In an intriguing transformation, Rick Helweg has reduced Peer Gynt, Henrik Ibsen's 1867 play, from almost three hours to 105 minutes and from a cast of 50 to 2. But he preserves the idea of live accompaniment (Ibsen asked Grieg to provide the original incidental music) with a warm folk-rock score by Doug Hatten.

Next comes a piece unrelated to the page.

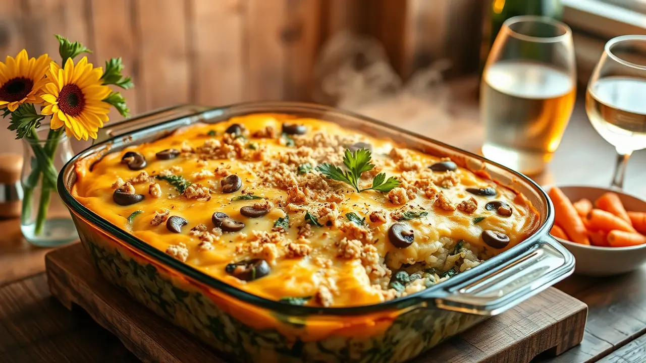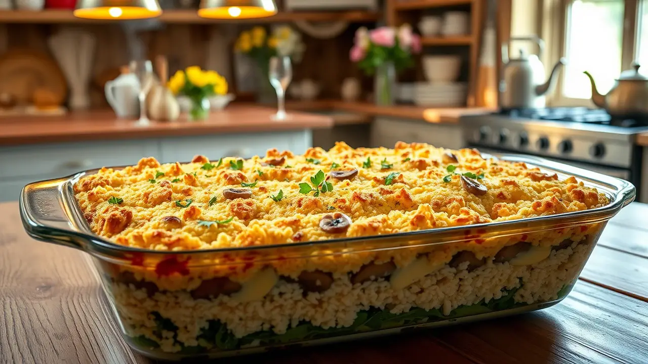 This comforting casserole is a delightful blend of earthy mushrooms, vibrant spinach, and tender rice, baked to perfection. It's a one-pan wonder that makes for a hearty meal and is perfect for using up leftover rice. Whether you're serving it for dinner or as a side dish, this recipe is sure to impress your family and friends with its rich flavors and textures!

Even more fascinating, Helweg has smoothly interpolated excerpts from Camus' The Stranger, A Happy Death, and The Myth of Sisyphus. It makes bold sense to fuse these uncompromising writers. Like Camus' antihero Meursault (whose nihilism is also unleashed by his mother's death), Ibsen's lying, solipsistic Peer--a folk legend gone bad--cuts himself off from humanity. His crime and greed enshrine the evil motto of the Trolls: "To thyself thou art enough." He betrays, enslaves, and murders his fellow humans until his soul is worth no more than a button hook (here it's a floppy disk). With bitter precision he exclaims, "How dearly we pay for our birth with our lives!"

Rabid, rushing about until the inevitable anguish sets in, David "Spike" Thibodeaux makes a pile-driving Peer, his megalomaniacal energy a crude camouflage for Peer's refusal to look within. Donning multiple costumes and using masks and puppets, Martha Donovan brings a disarming directness to, among others, Peer's mother and his sweetheart. Helweg's adaptation concentrates the action into elemental conflicts; the pageantry isn't missed, and much of Ibsen's immediacy is preserved, even heightened by Camus' crispness. Helweg's hybrid yields a very sturdy story.